開示されている主題を実施形態例を参照しつつ説明してきたが、この説明は本発明を限定するものと解釈されるべきではない。実施形態例のさまざまな変形例および主題のその他の実施形態は、当業者には明らかであり、開示されている主題の範囲内に含まれるものとする。 Although the disclosed subject matter has been described with reference to example embodiments, this description should not be construed as limiting the invention. Various modifications of the example embodiments and other embodiments of the subject matter will be apparent to those skilled in the art and are intended to be within the scope of the disclosed subject matter.

Claims

A method of searching an audio database and identifying a target audio clip in a multiprocessor system,
Dividing the voice database into a plurality of groups;
Building a model for the target audio clip;
Dynamically scheduling the plurality of groups for a plurality of processors of the multiprocessor system;
Processing the plurality of scheduled groups in parallel using the plurality of processors to retrieve the target audio clip; and
Processing the plurality of scheduled groups in parallel includes:
Dividing each of the plurality of scheduled groups into a plurality of segments;
A temporary model is constructed for the first partial frame included in the target audio clip, and a temporary model is constructed for the first partial frame included in at least one of the segments. Obtaining a provisional similarity measure for the provisional model;
If the temporary similarity measure indicates that both the temporary models are similar , build a model for each of the segments and determine a similarity measure between the model of the target audio clip and the model of each of the segments ; Determining that the segment matches the target audio clip based on the similarity measure;
Omitting processing of the immediately following segment based on the similarity measure;
Having a method.

The step of omitting the processing of the segment immediately after the
Omitting processing of a number of the segments determined according to the value of the similarity measure,
The method of claim 1.

Building a model for the target audio clip comprises:
Extracting a feature vector sequence from the target audio clip; and modeling the feature vector sequence based on a Gaussian mixture model (GMM) including a plurality of Gaussian components;
Building a model for each said segment consists of:
3. For each of the segments, including extracting a feature vector sequence of the segment and modeling the feature vector sequence based on a Gaussian mixture model (GMM) including a plurality of Gaussian components. The method described.
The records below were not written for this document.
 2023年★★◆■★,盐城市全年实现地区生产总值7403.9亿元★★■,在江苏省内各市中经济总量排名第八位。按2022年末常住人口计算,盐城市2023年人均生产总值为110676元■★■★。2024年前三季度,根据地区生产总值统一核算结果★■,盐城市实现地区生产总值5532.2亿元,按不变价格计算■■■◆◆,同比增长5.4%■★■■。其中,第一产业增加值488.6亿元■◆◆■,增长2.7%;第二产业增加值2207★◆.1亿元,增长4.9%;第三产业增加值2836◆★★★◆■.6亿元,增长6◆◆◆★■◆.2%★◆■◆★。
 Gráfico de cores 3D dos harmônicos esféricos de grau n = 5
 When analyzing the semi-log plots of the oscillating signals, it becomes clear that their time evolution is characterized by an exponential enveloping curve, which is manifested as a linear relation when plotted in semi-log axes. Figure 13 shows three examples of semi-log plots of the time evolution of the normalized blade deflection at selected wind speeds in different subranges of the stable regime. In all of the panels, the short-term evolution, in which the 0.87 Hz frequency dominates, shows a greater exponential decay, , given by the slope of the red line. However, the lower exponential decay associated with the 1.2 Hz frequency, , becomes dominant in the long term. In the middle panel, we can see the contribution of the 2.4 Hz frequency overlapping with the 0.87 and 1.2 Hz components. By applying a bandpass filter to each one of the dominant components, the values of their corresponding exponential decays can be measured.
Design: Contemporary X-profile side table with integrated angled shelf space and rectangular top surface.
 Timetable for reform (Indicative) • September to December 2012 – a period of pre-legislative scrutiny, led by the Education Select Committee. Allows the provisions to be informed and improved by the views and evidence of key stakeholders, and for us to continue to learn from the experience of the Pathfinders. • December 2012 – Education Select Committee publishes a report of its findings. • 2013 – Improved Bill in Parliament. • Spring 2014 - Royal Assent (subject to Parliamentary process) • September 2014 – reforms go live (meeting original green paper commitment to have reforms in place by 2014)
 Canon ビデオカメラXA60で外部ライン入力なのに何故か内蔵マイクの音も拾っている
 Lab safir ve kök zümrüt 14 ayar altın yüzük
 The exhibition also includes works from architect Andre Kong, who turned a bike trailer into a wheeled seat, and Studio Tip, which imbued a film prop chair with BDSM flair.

The method according to any one of claims 1 to 3, wherein the plurality of divided segments have portions that partially overlap each other.
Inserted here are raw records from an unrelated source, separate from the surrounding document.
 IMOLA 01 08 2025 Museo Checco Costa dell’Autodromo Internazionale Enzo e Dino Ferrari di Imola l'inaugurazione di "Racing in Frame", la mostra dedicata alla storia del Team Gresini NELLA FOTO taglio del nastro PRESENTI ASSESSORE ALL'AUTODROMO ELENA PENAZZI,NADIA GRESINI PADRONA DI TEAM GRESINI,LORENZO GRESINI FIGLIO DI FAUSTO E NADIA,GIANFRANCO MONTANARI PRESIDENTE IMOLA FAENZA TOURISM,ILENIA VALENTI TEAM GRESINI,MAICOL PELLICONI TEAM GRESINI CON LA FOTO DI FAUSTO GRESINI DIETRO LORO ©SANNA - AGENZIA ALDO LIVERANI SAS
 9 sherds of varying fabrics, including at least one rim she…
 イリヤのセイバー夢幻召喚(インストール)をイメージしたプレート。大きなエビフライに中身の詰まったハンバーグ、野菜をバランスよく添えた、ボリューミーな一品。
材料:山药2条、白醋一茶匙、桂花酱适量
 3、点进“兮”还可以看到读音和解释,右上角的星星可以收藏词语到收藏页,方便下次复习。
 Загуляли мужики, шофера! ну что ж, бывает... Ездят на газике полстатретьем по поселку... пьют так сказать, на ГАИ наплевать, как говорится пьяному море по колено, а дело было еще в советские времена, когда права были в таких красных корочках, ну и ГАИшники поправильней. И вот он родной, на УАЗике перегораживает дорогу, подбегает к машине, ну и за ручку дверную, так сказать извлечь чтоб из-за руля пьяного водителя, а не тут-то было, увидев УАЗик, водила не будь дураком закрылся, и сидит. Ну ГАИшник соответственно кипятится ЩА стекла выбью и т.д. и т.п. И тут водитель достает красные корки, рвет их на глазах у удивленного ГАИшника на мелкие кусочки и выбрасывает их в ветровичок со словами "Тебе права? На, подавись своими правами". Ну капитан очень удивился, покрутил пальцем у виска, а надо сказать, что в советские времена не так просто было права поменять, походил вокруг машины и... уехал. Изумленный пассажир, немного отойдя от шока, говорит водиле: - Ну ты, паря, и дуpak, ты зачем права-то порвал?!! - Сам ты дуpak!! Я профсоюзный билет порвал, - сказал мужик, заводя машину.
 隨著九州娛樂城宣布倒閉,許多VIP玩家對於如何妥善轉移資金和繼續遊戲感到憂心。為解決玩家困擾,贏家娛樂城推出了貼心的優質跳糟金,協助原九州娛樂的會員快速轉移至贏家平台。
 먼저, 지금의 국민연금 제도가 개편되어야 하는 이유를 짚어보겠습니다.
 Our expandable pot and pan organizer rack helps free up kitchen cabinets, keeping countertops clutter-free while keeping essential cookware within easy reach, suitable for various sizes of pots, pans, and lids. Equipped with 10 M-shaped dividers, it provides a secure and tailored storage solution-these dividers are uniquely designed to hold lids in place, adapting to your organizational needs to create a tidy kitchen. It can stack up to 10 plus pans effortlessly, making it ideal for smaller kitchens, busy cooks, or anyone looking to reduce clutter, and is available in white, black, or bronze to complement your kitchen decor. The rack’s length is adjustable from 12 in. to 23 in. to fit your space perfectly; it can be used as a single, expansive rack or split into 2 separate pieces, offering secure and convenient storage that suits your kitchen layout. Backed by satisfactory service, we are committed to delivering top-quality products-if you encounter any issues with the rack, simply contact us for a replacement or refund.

The step of dividing the speech database determines a size for each of the plurality of groups so as to reduce a load imbalance and an amount of operations overlapping between the plurality of groups in the parallel processing of the plurality of groups. The method according to any one of claims 1 to 4, further comprising:

Based on the similarity measure, determining that the segment matches the target audio clip comprises:
The method according to any one of claims 1 to 5, comprising determining that the segment matches the target audio clip if the similarity measure is greater than or equal to a predetermined threshold.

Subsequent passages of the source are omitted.